After that, and feeling better in general, I figured I was ready for Beautiful Disaster by Jamie McGuire.

This story came HIGHLY recommended, and was supposed to be along the lines of the Fifty Shades books, with the tortured, alpha Hero. Pffft. He was nothing more than a spoiled brat, throwing temper tantrums when he didn't get his way.

I really liked the story when I first began it, because I recognized it. I've written versions of this story myself.   And my stories are written as equally bad. Difference being, I know mine are bad and would be too embarrassed at publishing my ignorant scribblings.

I just can't for the life of me understand how this book garnered such high ratings and reviews.
Everyone likes a "Bad Boy", I get that, and Travis seems to start out that way, with the fighting, the tattoos, whoring around.  Then he meets Abby and I guess we have to assume he falls instantly head over heels in love with her.  It really seems more like he's just interested in 'bagging' her, another notch in his belt.
When she refuses to sleep with him, he likes being her friend and says he doesn't feel "like that" about her anymore.
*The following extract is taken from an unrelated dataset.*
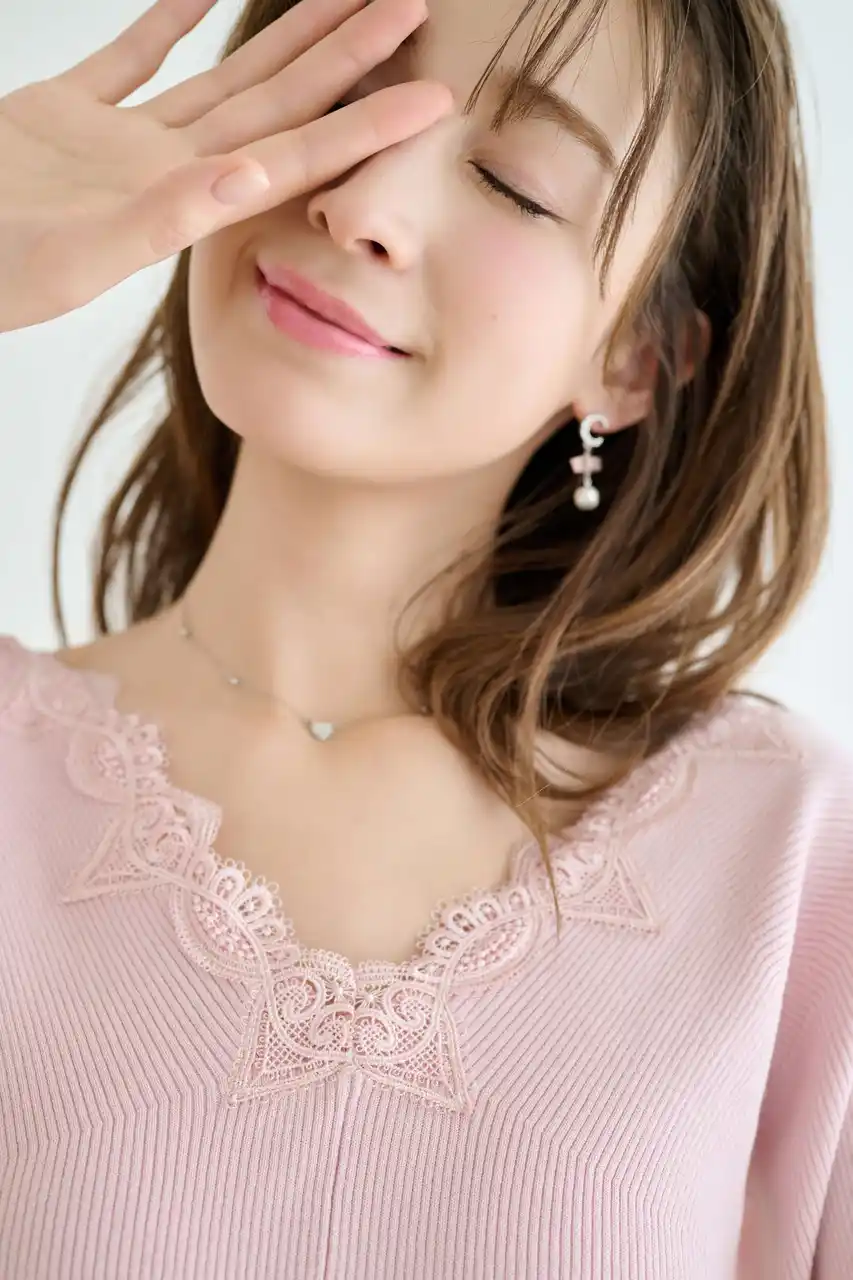 バレンタインシーズンに映えるショルダーフリルが印象的なブラウス。衿ぐりには、ハートモチーフを忍ばせたテープレースをあしらい、近くでこそ伝わる遊び心を。 |

The story is all over the place; it starts out to make us think Abby is a sweet little innocent from Kansas, and Travis's father is a drunk and his four older brothers abused him. Neither of which is true.
The best friend, America (Mare for short....neigh) starts out warning Travis off of Abby, then is disappointed when Travis and Abby don't hook up.
It makes no sense that Abby didn't want to room with her bestie in the dorms, nor why the roommate she gets is so hateful all the time.

Travis is a "bad boy" and everyone is scared shitless of him, but they aren't scared to tease and laugh at him. He beats the hell out of one guy in the college cafeteria, and later the same freaking idiot does it again and gets his ass kicked again.
It completely lost any semblance of credibility when we had to suffer through the entire rendition of "I Can't Get No Satisfaction".
Not to even mention when Travis gets Abby's "name" tattoo'd on his wrist and she goes all melty. He got the name he called her - Pigeon - not HER name. How does she (we) know he doesn 't call every chick Pigeon? That wasn't at all sexy.

I had to go look up the Bio on this Author, and I'm still not sure I believe it. It says she's a mother of two, but I think it's really probably a 14 year old kid, and all those good reviews are her middle school classmates.
I just don't see an adult loving such a poorly written book.

I read The Thrill of the Chase by Lynda Chance because it said it had a Firefighter character.

From Amazon:

Product Description
Warning: Alpha-Males are everywhere!
Lynda Chance is happy to present to you her style of erotic romance with a happily-ever- after: Monogamous, heterosexual and hot!
Three roommates. Three men. Three impossible situations!
Ashley Weldon runs scared when Ryan McKay puts moves on her that are too hot to handle! The more he pushes, the more she pulls back.
While Ryan chases Ashley, his friend Gibson Jones is quietly stalking Ashley’s younger cousin, Julie.
Throw in a hot firefighter, protective girlfriend, some sexting and a Corvette or two, and you have Temptation in Texas, Houston Style!


Even though it warned about Alpha-Males, I was thinking it was talking about the *good* kind of Alpha-Male: smart, strong, brave, protective.
Wrong. It's more of those eff'ed-up psycho jealous and possessive types that seems to be all the new rage with writers these days.

The book is actually three stories, so each one had to kind of rush through some of the critical points that make an erotic-romance story: together, conflict, together, sex, HEA.

When the story starts, Ryan and Ashley met and have been dating for a few weeks, and Ryan is frustrated and pissed off because Ashley won't give it up.  She's afraid it's just "the thrill of the chase" and once she gives in, he'll move on to the next conquest.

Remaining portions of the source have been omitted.